§ What to produce
Retype the data below exactly; skip every image.

§ Given material
§
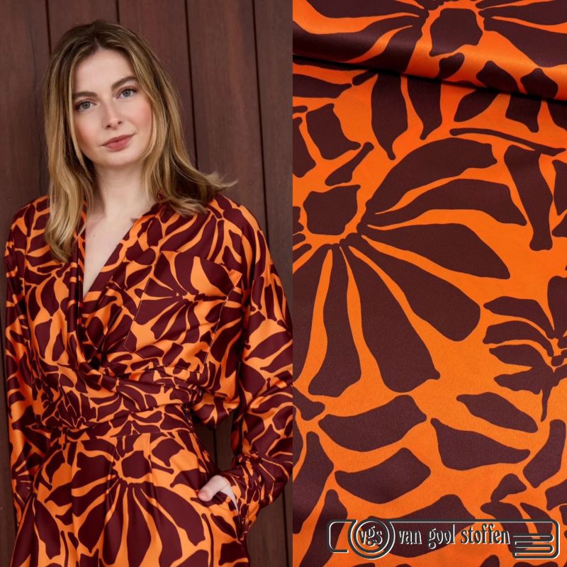 Stretch satijn bloemen print oranje burgundy A la Ville / knipmode
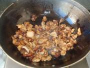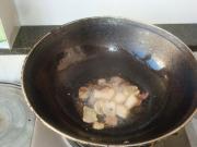 放入花椒、葱爆香,倒入口蘑翻炒。
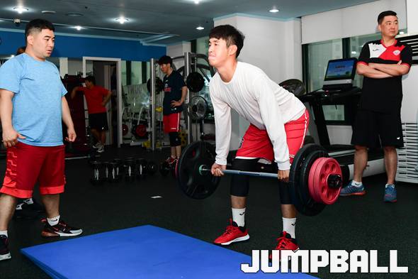 [점프볼=수원/박상혁 기자] 15일 수원 트레보 스포츠 컨디셔닝 센터에서 울산 현대모비스의 비시즌 체력훈련이 있었다. 현대모비스 김수찬이 웨이트 훈련을 하고 있다. 2019-07-15 박상혁(sea80288@naver.com)
§
§ Answer to this exercise
 Stretch satijn bloemen print oranje burgundy A la Ville / knipmode
 放入花椒、葱爆香,倒入口蘑翻炒。
 [점프볼=수원/박상혁 기자] 15일 수원 트레보 스포츠 컨디셔닝 센터에서 울산 현대모비스의 비시즌 체력훈련이 있었다. 현대모비스 김수찬이 웨이트 훈련을 하고 있다. 2019-07-15 박상혁(sea80288@naver.com)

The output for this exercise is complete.